The main focus of modernist art was therefore on the basic elements (color, forms, tones, etc.) and the basic conditions (manner and place of presentation) of artistic production. The ensuing critical analysis of the limitations of established disciplines (painting, music, theater), but also new visual media (photographs and films) as well as the interest in universalism and synesthesia reinforced the trend toward interdisciplinary activity. In striving for a disengagement from the means and a disassociation from the object, the fine artists of the early twentieth century were seeking a new terminology of painting. They chose terms often drawn from music that they adjudicated per se as abstract in character. Thus, visual works at this time were frequently called composition, symphony, improvisation, or rhythm.

Such attempts to extend the boundaries on a conceptual level also have their roots in an actual dual activity, as practiced, for example, by Paul Klee. He earned his living until 1906 as a violinist for the Berne Music Society, but eventually decided to concentrate solely on a career as a fine artist. His painting was by no means unaffected by music — on the contrary: principles of musical form provided the background for Klee’s visual composition and for his pedagogical and theoretical writings. The shapes and structures formed by the superimposition and transfusion of different color surfaces in some of his pictures, such as Polyphon gefasstes Weiss (White Framed Polyphonically; 1930), reflect Klee’s conception of the segmented, composed surface as a multi-voiced, polyphonic form. As a musician-artist, he also to some extent transferred theme development, variation, and even fugue like procedures, as in Fuge in Rot (Fugue in Red; 1921), from musical to pictorial composition.

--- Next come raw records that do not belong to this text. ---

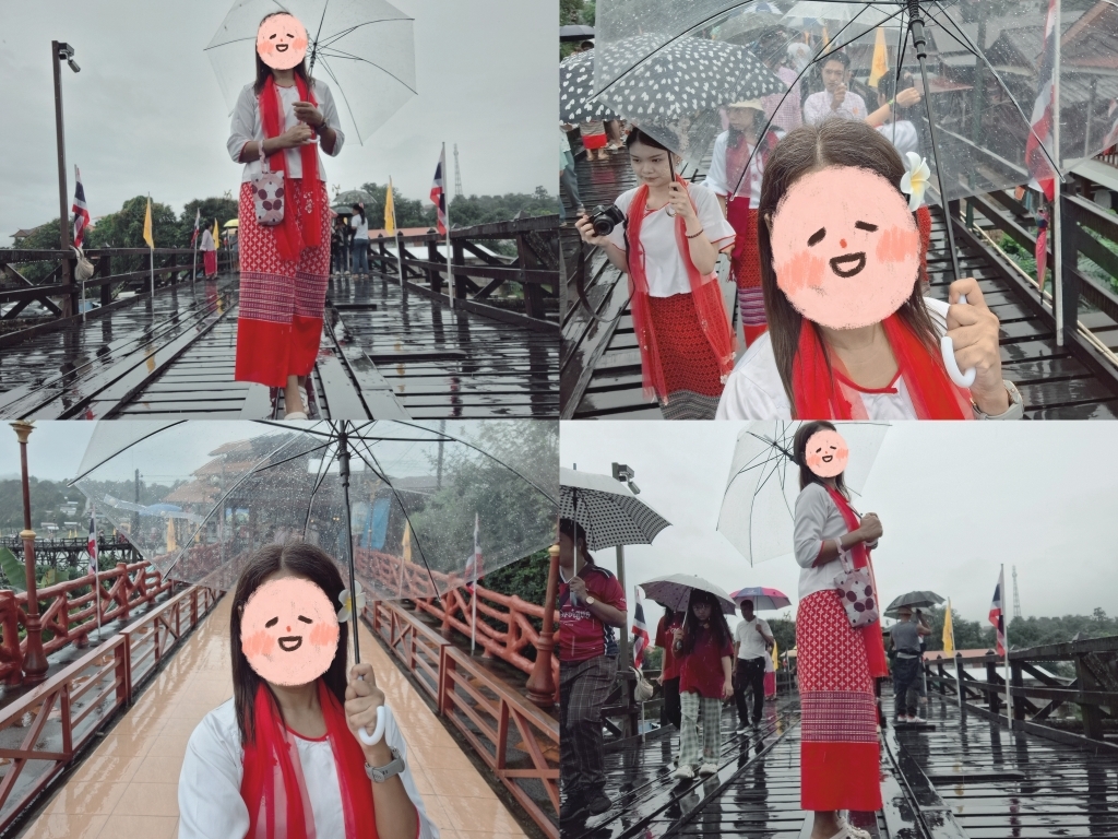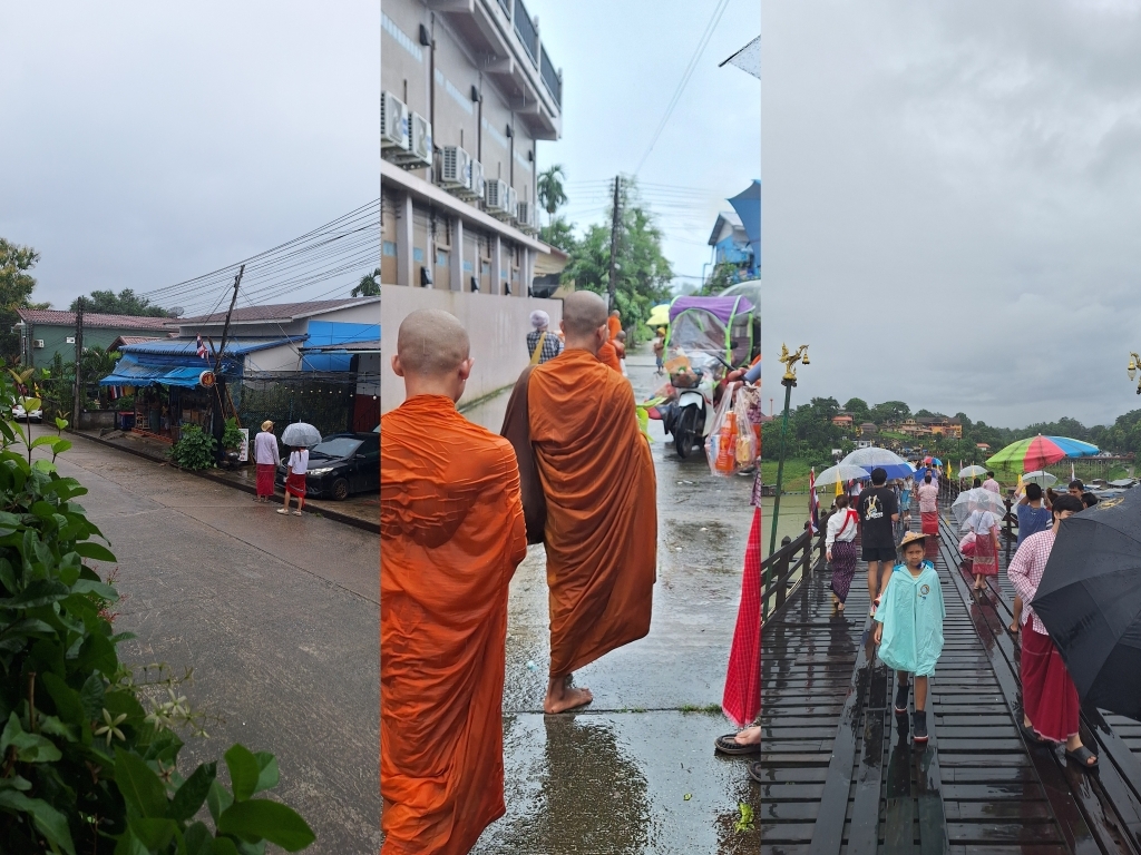 ฝนตกแต่เช้า รอใส่บาตรหน้าที่พัก แต่ถ้าใครไม่รอจะเดินไปใส่ที่สะพานก็ได้ ใส่เสร็จไปชิมโจ๊กนั่งยอง ร้านจะอยู่ฝั่งมอญ คนเยอะมาก
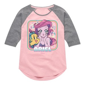 Girls' - Disney - Surprise Ariel & Flounder Shirt Tail Raglan Graphic T-shirt
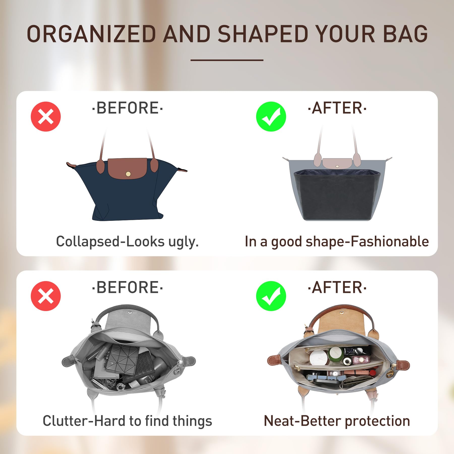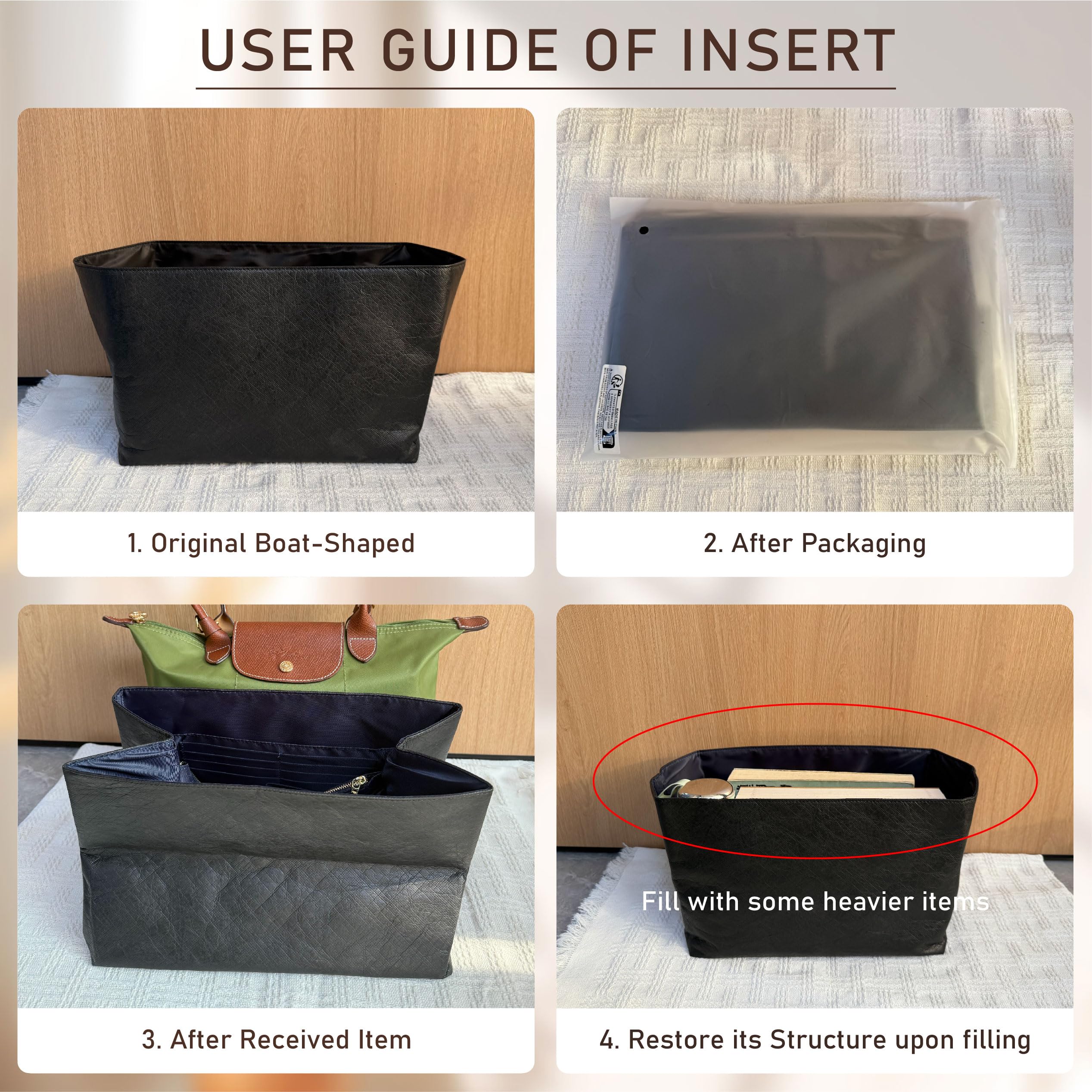 2025 UPGRADED MATERIAL: This long champ large organizer is made of newly upgraded premium DuPontPaper material, not only long champ insert are ultra-lightweight, waterproof and easy to clean but also provides a sturdy, non-deforming structure that no pilling and support foldable. So this long champ organizer insert is easy to insert and remove from the handbag, does not add to weight to your bags
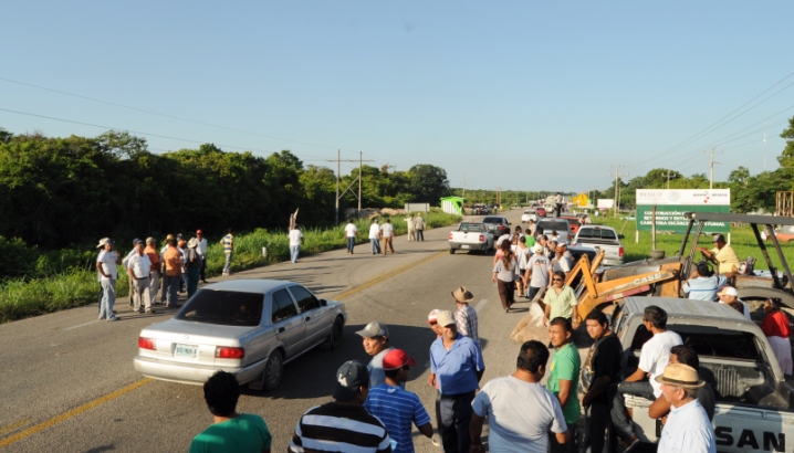Los ejidatarios se plantaron en la carretera que une a Chetumal con la ciudad de México desde las 7:00 de la mañana para exigir al gobierno federal  el pago inmediato de 90 hectáreas afectadas por la construcción de carreteras que hizo la SCT delegación Quintana Roo hace  ocho años.
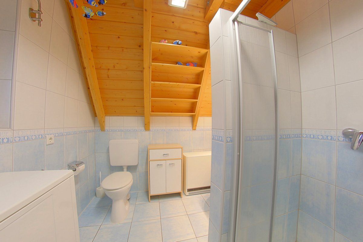 Im Erdgeschoß gibt es ein Schlafzimmer mit zwei Einzelbetten und wischbaren Bodenbelag und ein modernes, helles Duschbad mit Waschmaschine.
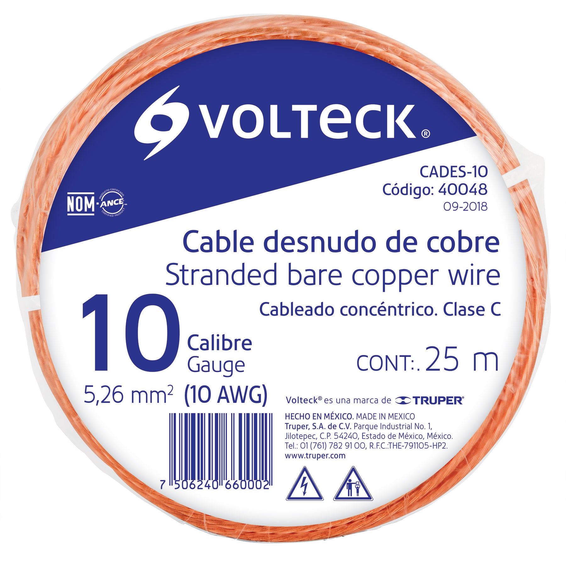 Cable cobre desnudo calibre 10 AWG, 25 m

Close links between music and visual arts are not only to be observed in the works of musicians/artists trained in several disciplines. An interest in the respective other art form undoubtedly went hand in hand with the explicitly interdisciplinary questions that became increasingly frequent, in particular in the context of the emergence of abstraction in painting and later in film.

Wassily Kandinsky, fascinated by the phenomenon of synesthesia and universalistic ideas based in theosophy had close contacts with the prominent representative of musical abstraction, the twelve-tone composer Arnold Schoenberg. Kandinsky recognized a strong affinity between Schoenberg’s music and his abstract ambitions in painting.[2] The painting Impression III (Concert) (1911) was created under the direct influence of one of Schoenberg’s concerts, during which his Second String Quartet op. 10 (1907/1908) was performed. Vice versa, Schoenberg produced a broad oeuvre of paintings, some of which were shown in the first Blaue Reiter exhibition in December 1911 and of which the series Eindrücke und Fantasien (Impressions and Fantasies), in particular, shows an affinity to abstraction.[3]

The dadaist and founder of constructivist film, Hans Richter, was inspired to abstract composition by the composer Ferruccio Busoni, who recommended that he study counterpoint. Musical counterpoint inspired him in his graphic, painterly, and later filmic production — e.g., in his Rhythmus (Rhythm) films — which sought to realize the dynamic clash of dark and light areas as a visual counterpoint.[4]